A lot has happened in my 40 years, well even just in the last 20 or so years since becoming an adult. Things I never expected to happen. Things like:
- I travelled a lot. I never left the country but I saw many of the 50 states and made some amazing friends that I still keep in touch with today
- I have been to a shit ton of concerts and met a lot of bands (even my all time favorite band ever)
- I was on the Jenny Jones talk show (yep) on national TV
- I found love (or so I thought)
- I became a mother (real quick).
- For a few years, I was a DJ on a local radio show
- I went back to school at the age of 32 and got my degree
- I saw many family members leave this world
- Even a few of my classmates (4 or 5 are gone, I think)
- I have been through Hell and back
- A brutal divorce
- I became a single mother
- I realized that I am stronger than I ever thought I could be
- I think about death a lot and the fact that I am not going to be on this earth forever
- I watch my mother grow older and slower, knowing that she probably only has a few more years with us (hopefully longer)
One of the most difficult lessons I had to learn in my life is that I can’t trust everyone.

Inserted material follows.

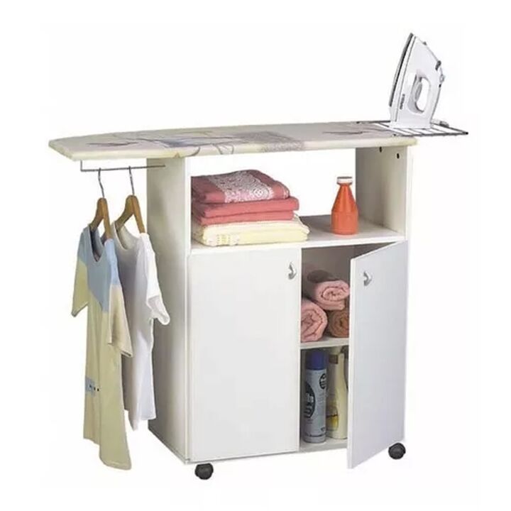 Planchador funcional Rodante Con Perchero Posa plancha rebatible Tela estampada Dimensiones Ancho 107 x Prof 34 x Alto 86 cm Color Blanco El tapizado puede variar según disponibilidad.

I used to be the type of girl who saw the best in everyone and trusted them until they showed me differently. I’m the opposite now. I trust no one until they have proven themselves worthy of my trust. I’ve learned that not everyone has a caring heart like I do and people will look you dead in the eyes and lie to you, take advantage of you, and hurt you without even thinking twice. People are horrible selfish beings.I am hoping that I am raising my children (tweens/teen) to be good human beings and have a heart like their mother. The world truly is an ugly place and seems to get uglier every day.
What does the next 10 years hold for me? Hell if I know?! I am hoping it holds many good things for me and I’m hoping that I get to stick around for a long time to see my kids grow up and become parents, and for me to become a grandparent. Many of my friends are already grandparents but I am not ready for that yet.

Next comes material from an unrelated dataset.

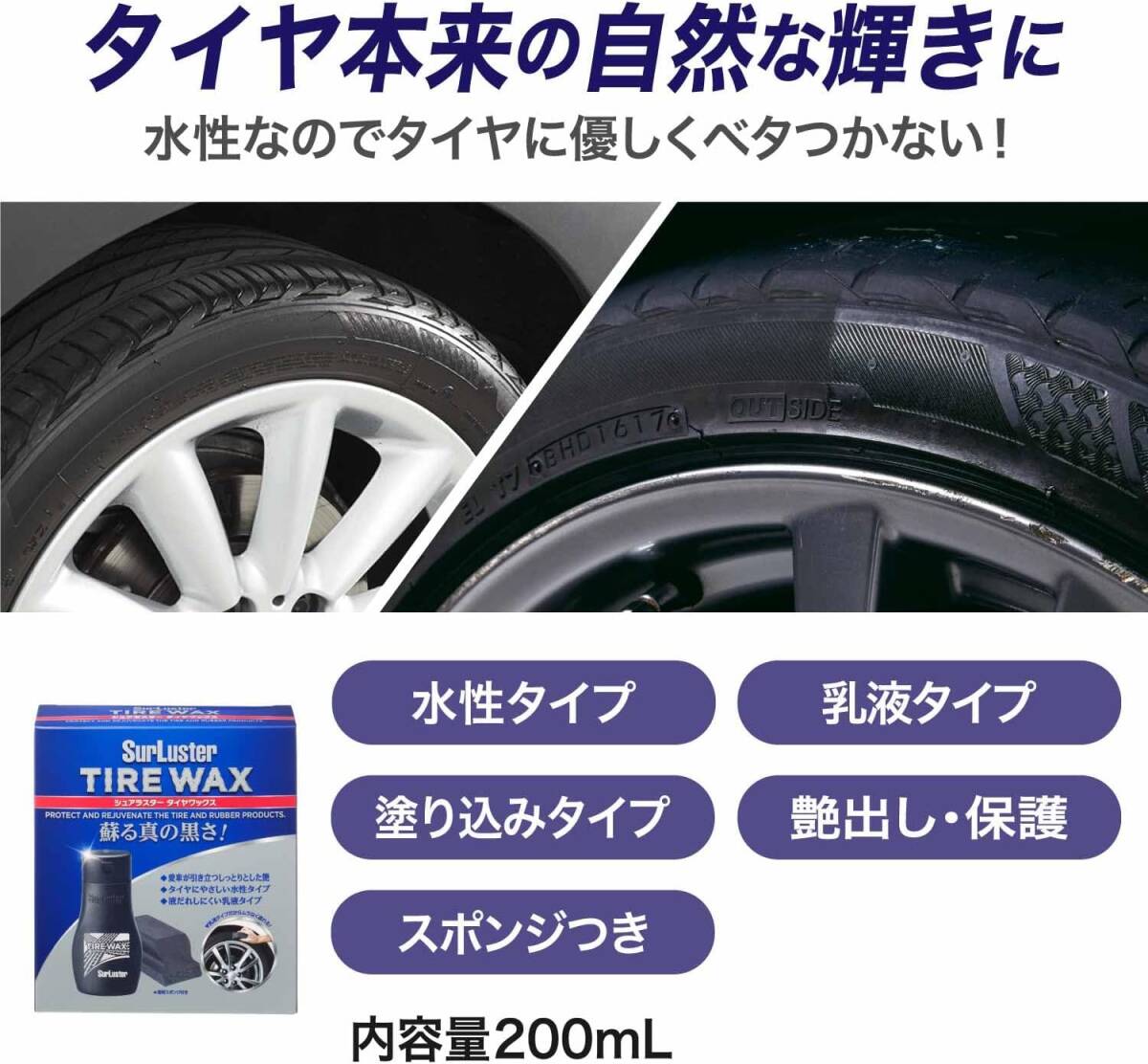 SurLuster(シュアラスター) タイヤワックス 200ml 水性 塗りこみ タイヤの艶出し 保護 ひび割れ防止 シリコーンオイル 乳液タイプ スポンジ 收藏

I now understand why the older really are wiser. They have life experience and experiences that life gives you is unlike anything else. You can’t buy it, you can’t duplicate it, you just have to live it. Some people are luckier than others and unfortunately the world is not a fair place.
Over time, I have learned not to sweat the small stuff. Little things don’t matter. You see the world differently than you did when you were 20. I can’t quite explain it. You just learn to relax a little bit and not flip out over unimportant things. Well, not EVERYONE learns this but most do. Maybe 40 is the new 30.. Or maybe life is all downhill from here once you turn 40? I guess I will just have to live and learn for myself. Welcome 40.